What are some basic rules about finding and copying pictures from random web sites on the internet? EXAMPLE: search images on yahoo, find picture, copy and alter it, use it on one of my shirts. I am not talking about copying a whole t-shirt concept just a picture to alter and add to one of my own designs.
Is this a common practice or should I invest in a royalty free website?


----------



## Rodney (Nov 3, 2004)

It's not a good idea to use any item without permission.

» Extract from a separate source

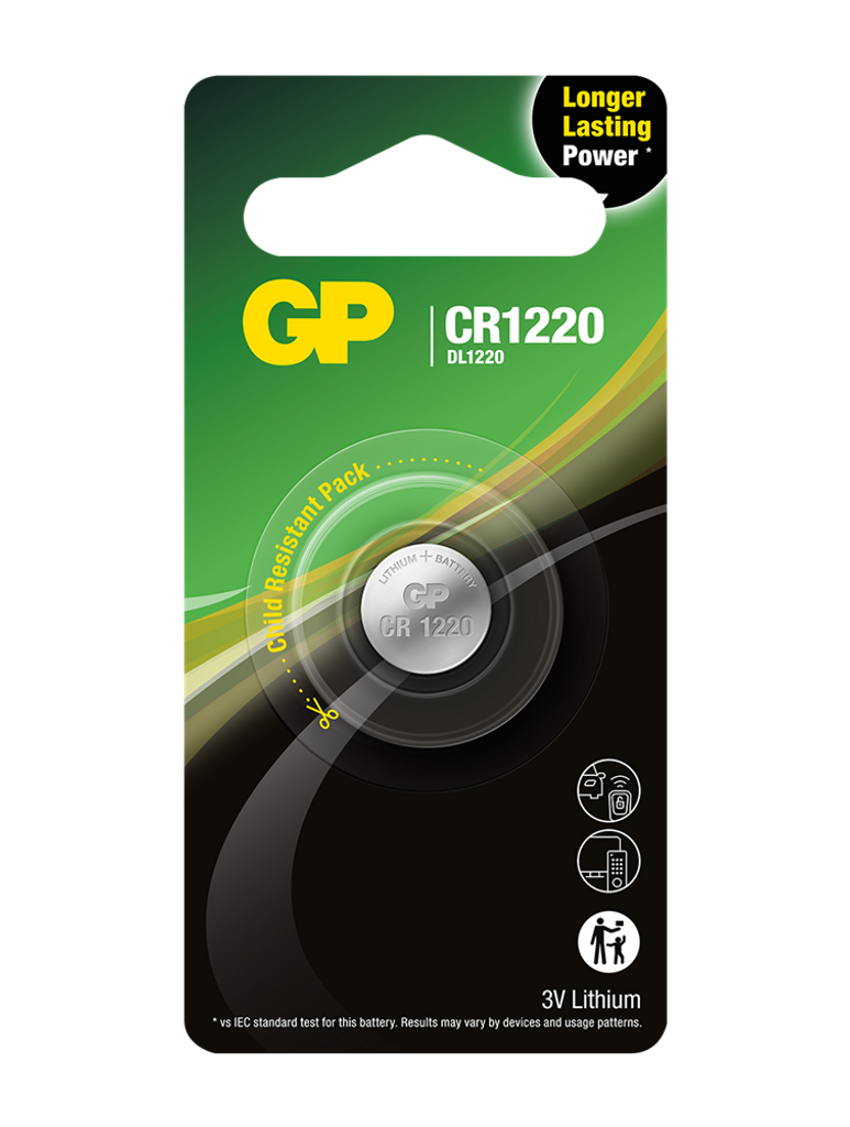 "GP Batteri CR1220 är ett högkvalitativt litium‑knappcellsbatteri som levererar 3 V stabil energi till en rad små elektroniska apparater. CR1220‑formatet (ungefär 12,5 mm i diameter och 2 mm tjockt) gör batteriet både kompakt och lätt att använda i enheter där utrymmet är begränsat, vilket gör det perfekt för exempelvis klockor, kalkylatorer, fjärrkontroller, sensorer och fjärrnycklar. Litiumtekniken ger hög energitäthet och låg självurladdning, så batteriet håller laddningen länge – både i förvaring och under användning – vilket gör det till ett pålitligt val för både vardagliga prylar och backup‑funktioner. Batteriet är enkelt att installera och passar många standardiserade hållare som kräver CR1220‑batterier. Ett litet batteri som gör stor skillnad när det gäller driftsäkerhet och livslängd i dina elektronikprodukter – enklare, effektivare och mer pålitligt strömförsörjt."

You should either commission an artist to create work for you from scratch, or if you want to start from clipart, you should look to a royalty free clipart website and make sure you check their terms for use of their graphics on merchandise for sale.


----------



## Solmu (Aug 15, 2005)

OnAWing said:


> What are some basic rules about finding and copying pictures from random web sites on the internet?


The "basic rule" is don't do it.



OnAWing said:


> or should I invest in a royalty free website?


If you find one that meets your needs, yes. I'd find out as much as I could before investing any money though - while there is useful clipart out there, there's also a heck of a lot of dross.


----------



## TeeShirtSamurai (Feb 8, 2006)

Matt,

How would you feel if you ran across a site that had stolen a design from one of your shirts or an original picture from your site?


----------



## OnAWing (Jul 27, 2006)

Thanks, I got the message LOUD AND CLEAR! I will stick to all original work. Thanks for your honest input. TAKE CARE


----------



## hongkongdmz (Jun 29, 2006)

Arent some images free and dont have any copyright laws on them? Say a picture of a building or something....


----------



## Solmu (Aug 15, 2005)

hongkongdmz said:


> Arent some images free and dont have any copyright laws on them? Say a picture of a building or something....


Some images are released into the public domain by their copyright owner. They are not automatically copyright free based on their content. While some stuff is free to use, it's rare - therefore the default option/rule of thumb/basic rule is not to use it unless you are certain you legally can.


----------



## Shellou (Sep 20, 2006)

Isn't it that if you change an image 70% it becomes yours ? (im not 100% sure on that, but thats what ive heard) for example a photo that has a dog in it say for instance you manipulate the dog image to use in part of your design ?


----------



## Jasonda (Aug 16, 2006)

Shellou said:


> Isn't it that if you change an image 70% it becomes yours ? (im not 100% sure on that, but thats what ive heard) for example a photo that has a dog in it say for instance you manipulate the dog image to use in part of your design ?


This is simply not true.

If you are looking for free photos to use in your designs, try sxc.hu - everything on the site is free, and there are a lot of photos that can be used for any purpose without needing permission from the artist. The ones that do need permission have a notice at the bottom of the photo.

If you use sxc.hu, make sure you read this:

http://www.sxc.hu/info.phtml?f=help&s=8_2


----------



## Fluid (Jun 20, 2005)

There is no 20% or any % rule. That is Myth.


----------